Paying Writers What they Deserve

This post by Hugh Howey originally appeared on his site on 7/12/14.

Traditional Publishing is no Longer Fair or Sustainable. This was the sad but accurate headline in The Guardian this week. It followed a report on author income from the ALCS, the results of which led Nicola Solomon, head of the UK’s Society of Authors to declare:

Authors need fair remuneration if they are to keep writing and producing quality work. Publisher profits are holding up and, broadly, so are total book sales if you include ebooks, but authors are receiving less per book and less overall due mainly to the fact that they are only paid a small percentage of publishers’ net receipts on ebooks and because large advances have gone except for a handful of celebrity authors.

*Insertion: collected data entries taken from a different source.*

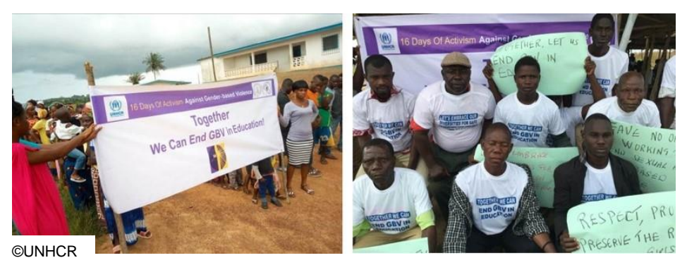
Celebration of 16 Days of Activism Campaign Against Gender Violence in Maryland.

UNHCR, LRRRC and partners launched the 16 Days of Activism Campaign under the global theme "Together We Can End GBV in Education" and the national theme "Let's embrace our diversities for Safe Education and a Violent Free Society". Local authorities, representatives of government line ministries, operational partners and host communities participated in the celebration in all locations and enjoyed parades, indoor programmes and drama.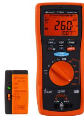
Figure 4. U1117A IR-to-Bluetooth Adapter enables wireless remote testings with the U1450A/U1460A series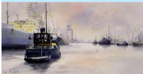
'Puffer' on the Clyde

At the Autumn Exhibition the most public votes went to Brian Garbett's watercolour painting entitled 'Puffer' on the Clyde, Glasgow' shown below.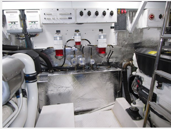
Engine Room Looking Forward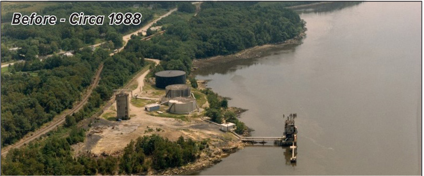
Before - Circa 1988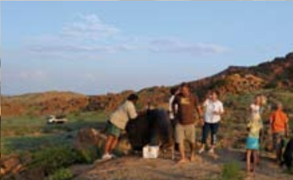
The Ugab river valley is a true paradise for bird and game watchers, hikers and other nature lovers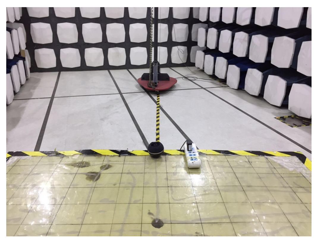
Front View of Radiated Emissions up to 1GHz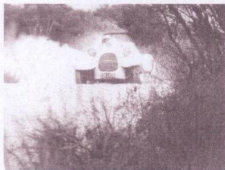
Geoff. Potter Ford V8 Sports [orig. called Chalmers Spl.]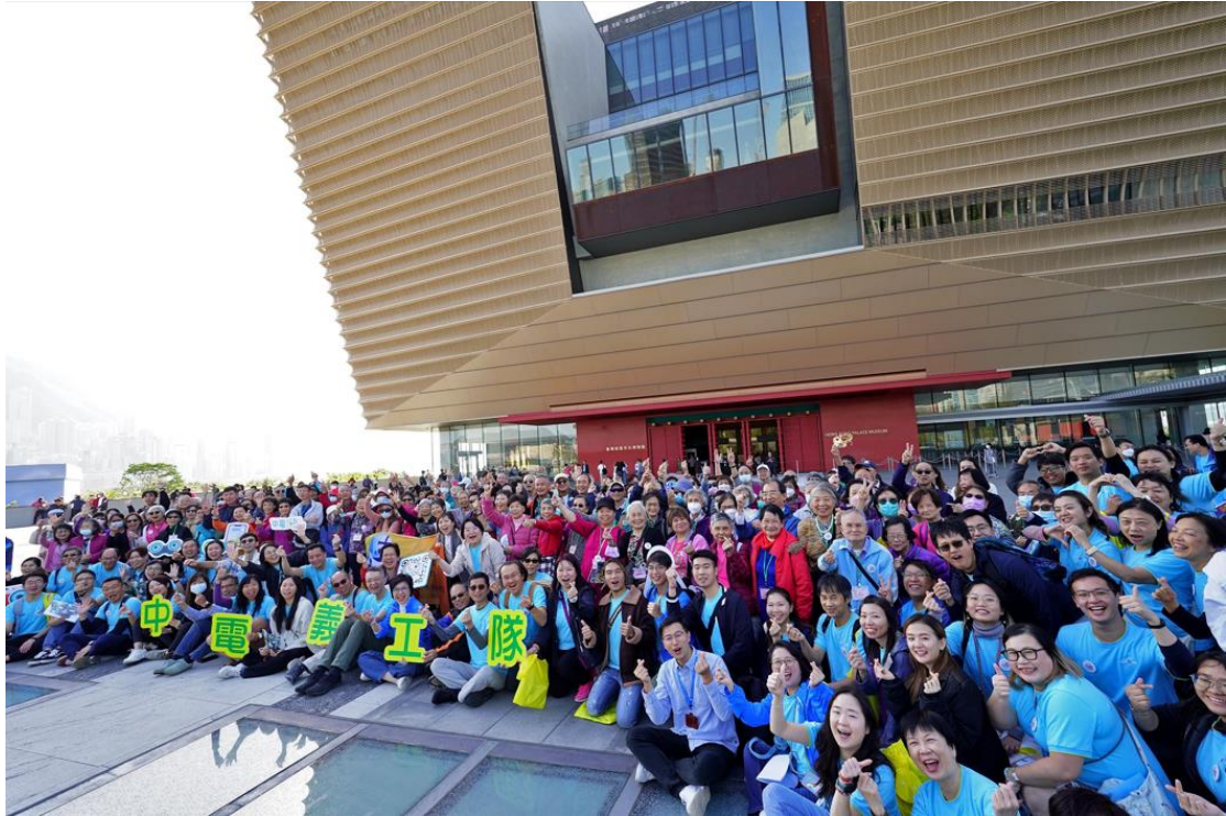
CLP volunteers accompany more than 300 elderly people to visit the Hong Kong Palace Museum to celebrate the Senior Citizens Day.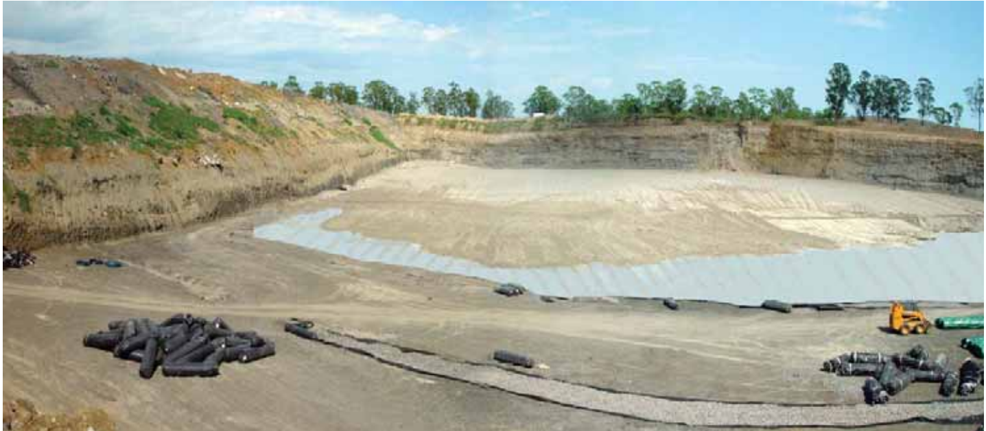
Marsden Park Stage 2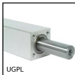
Actuator guide kit, Long bearing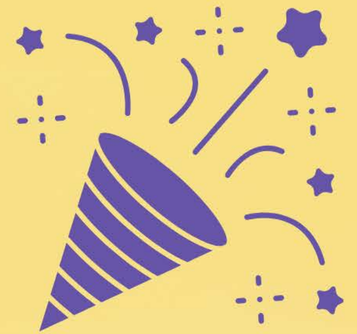
Members & friends join online!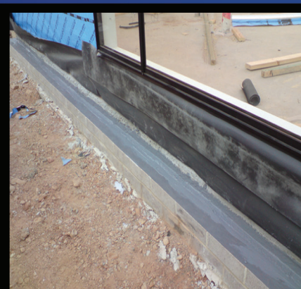
Complete Ura-Fen cavity Perimeter with TERM-seal cord strip and Multi-Purpose coating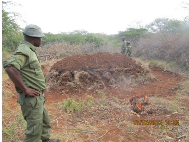
Illegal charcoal burning at Sagalla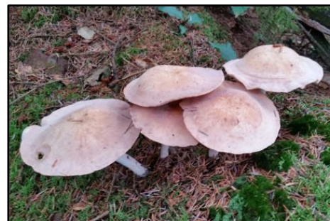
Spotted Toughshank ( Collybia maculata )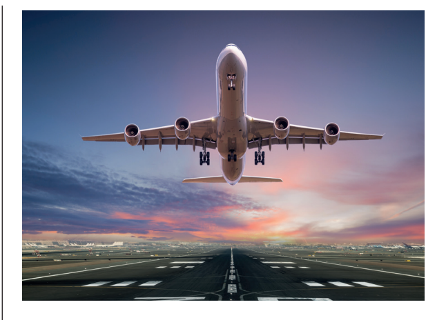
Power to \boldsymbol{X} can be used to make sustainable synthetic aviation fuel

supply the additional biogenic \mathrm{CO}_2 molecules. And, when these sources are sold-out, Power to X plants will be forced to seek alternatives such as \mathrm{CO}_2 from direct air capture (DAC).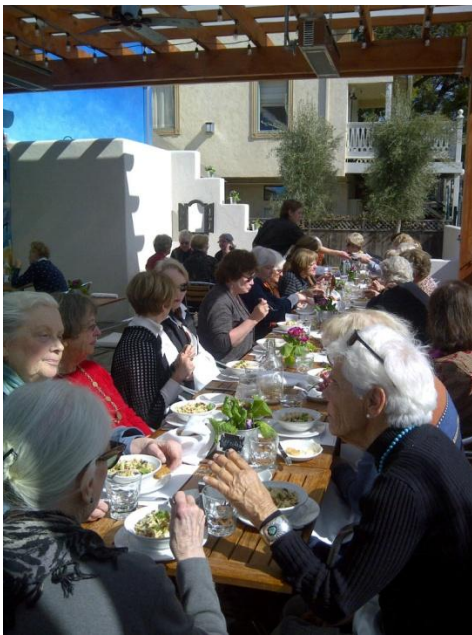
Friday Lunch Group at Taverna Sofia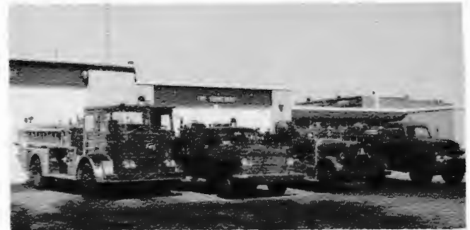
CITY OFFICE & FIRE DEPARTMENT

The modern City Building houses the municipal business office, police judge, utilities superintendent's office, and a meeting room for the commissioners. Equipment for an up to date city-county fire department is housed in the rear of the building.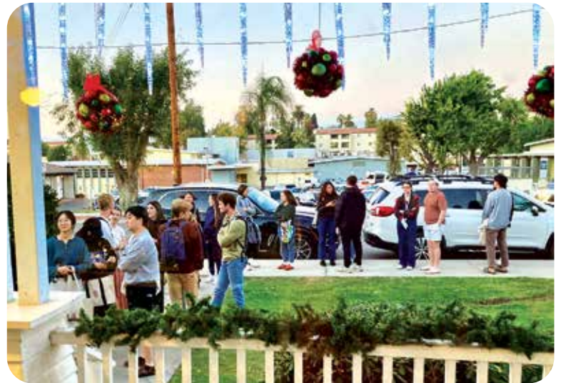
Students line up for the Christmas tree drawing and opening of the Little White House Christmas Boutique. (See page 6 for more photos.)

The mission of the Loma Linda University Medical Auxiliary is to demonstrate God's love through benevolence and shared service. The Auxiliary promotes the mission work of its Alumni; the education and welfare of medical students, residents and their spouses; and the intellectual and spiritual growth of its diverse membership.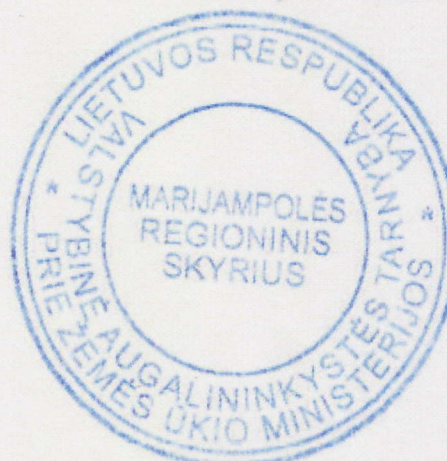
Regional post of Marijampolė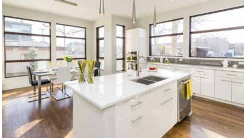
Awesome Outdoor Project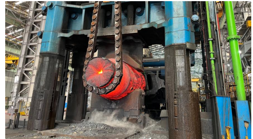
Forging production for 6 Upper Reactor Pressure Vessels in progress and long lead items ordered (Doosan Enerbility)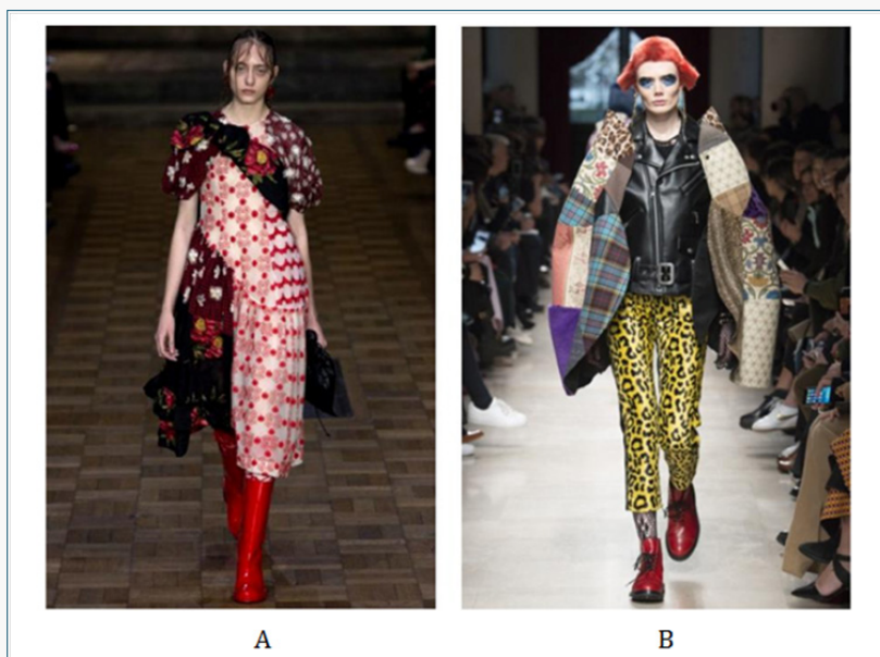
Figures 6: A: SS 2017– Simone Rocha; B: FW 2017– Junya watanabe.

Floral patterns, paisley or geometric prints, mystic metal jewellery, head wrap or an oversized hat, feathery earrings, sandals or boots make a perfect prop for an unkempt environment [16]. Notwithstanding mixing up patterned and printed silhouettes, ruffles skirts with non symbolic accessories sports a crafty multi colored kitsch outlook [17]. This choice for non-bourgeois style undermines the free spiritedness and no prejudice barred approach in flaunting new semantic attributes a lag lamping attitude. The whole concept is about crossing the threshold limit and experimentation seeking inner harmony analogous to the bohemian rhapsody the 3rd best selling UK single of all time that focuses on a more emotional level [18]. This deconstructed trend entered the design houses of Diane von Furstenberg, Simone Rocha and Junya Watanabe in fall 2017 runway emphasizing the overall aesthetic carefree and feminine [19](Figure 6).

This comes right on the heels of The Daily Mail’s piece about Hillary Clinton’s latest book. The memoir has sold well by most measures, moving 161,000 copies in the first three weeks and 86,000 in week one, but the book has dropped in the charts, and it appears Simon & Schuster will take a loss due to the $14,000,000 advance paid to Hillary.

Forteen million dollars.

By publishing math, this advance was warranted. Her previous book sold well enough for the bean counters at S&S to come up with what seemed necessary to both retain Hillary and turn a profit. But this methodology flies in the face of recent rhetoric about the role publishers play in the protection of literature and the nurturing of “the writing life.”

With that sum of money, you could pay 500 writers $28,000 to enjoy a full year of the writing life. Or you could pay 250 writers $56,000 if they don’t understand how to squeak by as a starving artist. Not only that, Hillary Clinton doesn’t need another penny for as long as she lives. She didn’t need to be supported while she wrote the book. So how exactly are publishers the patrons of the literary arts? Nicola Soloman nails the problem with the current blockbuster model of entertainment: The rich get richer and the poor get poorer. We shovel money at the outliers and drop everyone else.